Rob Erhart dog 1st and 4th in the Derby.
don't know the 4th place dog but first was with a 14 month old owned by Bill and Sarita McKnight
MOONSTONES Yellow Dude Smith "EMMITT"

Kris


----------



## duke7581 (Jan 17, 2008)

Way to go Ryan won with Dude and got fourth with Brutus!!!!!!!!


----------



## JKL (Oct 19, 2007)

Any more Open news?


----------



## alpha male (Aug 25, 2006)

thanks katie, lots of real good dogs in trial. was conducted on grounds i primarily train on and had some advantage. in any case was thrilled at the win and haven't come off the high yet. steve.


----------



## Franco (Jun 27, 2003)

rsfavor said:


> Partial Results on Am:
> 
> 1. Steve Ritter/ Miah
> 2. Joe Broyles/ Quick
> ...


We down here are kind of use to Stephen and Miah winning All Age Stakes but, did y'all catch the really BIG news here? Pat's dog Brick is a chocolate! Now, that's NEWS! Way to go guys, Stephen, Joe and Pat!


----------



## Jim Scarborough (May 5, 2007)

rsfavor said:


> Partial Results on Am:
> 
> 1. Steve Ritter/ Miah
> 2. Joe Broyles/ Quick
> ...


Third place went to Wayne Stupka and Misty. Wayne also got a third in the Derby with his year-old pup, Wendy. My congratulations on both placements.

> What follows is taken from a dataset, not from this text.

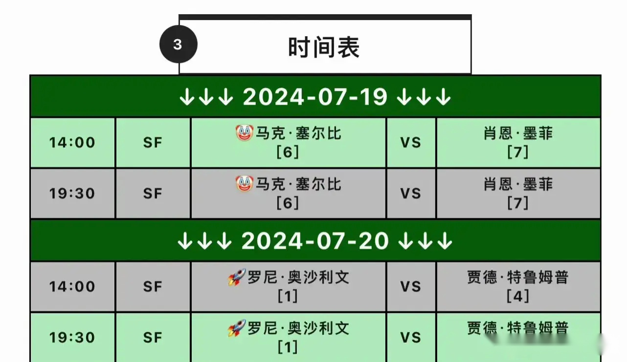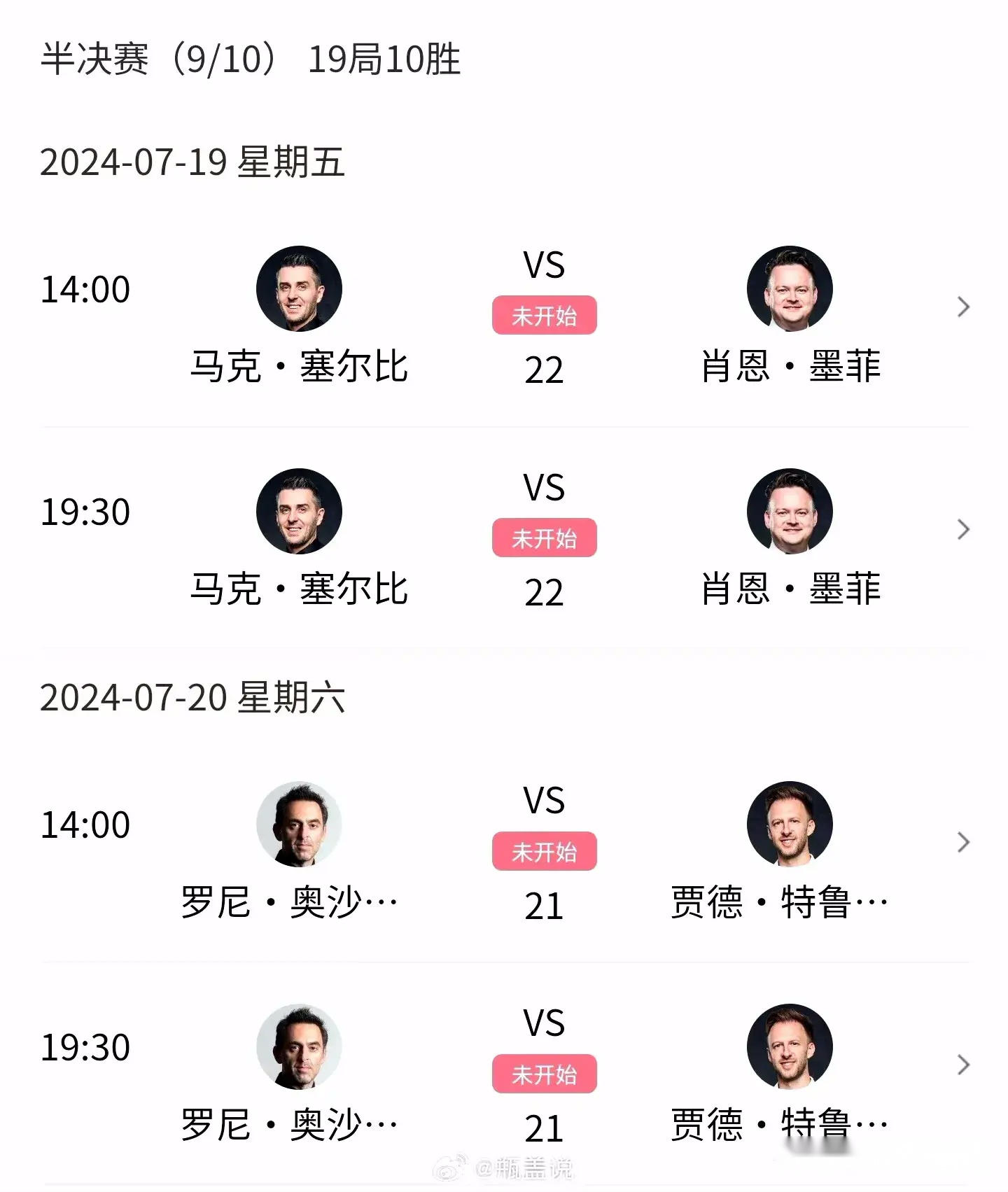4位中国选手都倒在了英国选手之下,因此最终晋级2024斯诺克上海大师赛的4位选手分别是马克·塞尔比、肖恩·墨菲、罗尼·奥沙利文和贾德·特鲁姆普。根据赛制安排2024年7月19日半决赛第一场将打响,半决赛采用的是19局10胜制的比赛赛制,比赛将分为2个阶段进行,具体赛程安排如下:

As for the rest of the placements in the Am, I'm with Mr. Booty, "Way to go guys, Steven, Joe and Pat!"


----------



## Mark Rosenblum (Apr 19, 2008)

RFT entry has the full results. I tried to post the link below:


https://www.rftentry.com/pub/events/detail/ViewEventResults.cfm?eventID=125

Very nice trial. Nice grounds, excellent mechanics, good restaurants. 
PS. I put down the gumbo bowl and got ribs for the long drive home.


----------



## Franco (Jun 27, 2003)

Mark Rosenblum said:


> PS. I put down the gumbo bowl and got ribs for the long drive home.


Talk Danny into running Cajun Riviera in March and I'll take you to dine at Catahoula's in Grand Coteau. The restaurant is only 3 miles from that luxurious motel where you were lodging.


----------



## duke7581 (Jan 17, 2008)

Mark please talk danny into running,lol cause i will be at that one and can't wait to get a chance to see Norman run, hopin to make it to acadiana but they weren't sure soon enough for me to book plane tickets way in advance to get a deal and the weather was going to be iffy. Will be there in Mar.


----------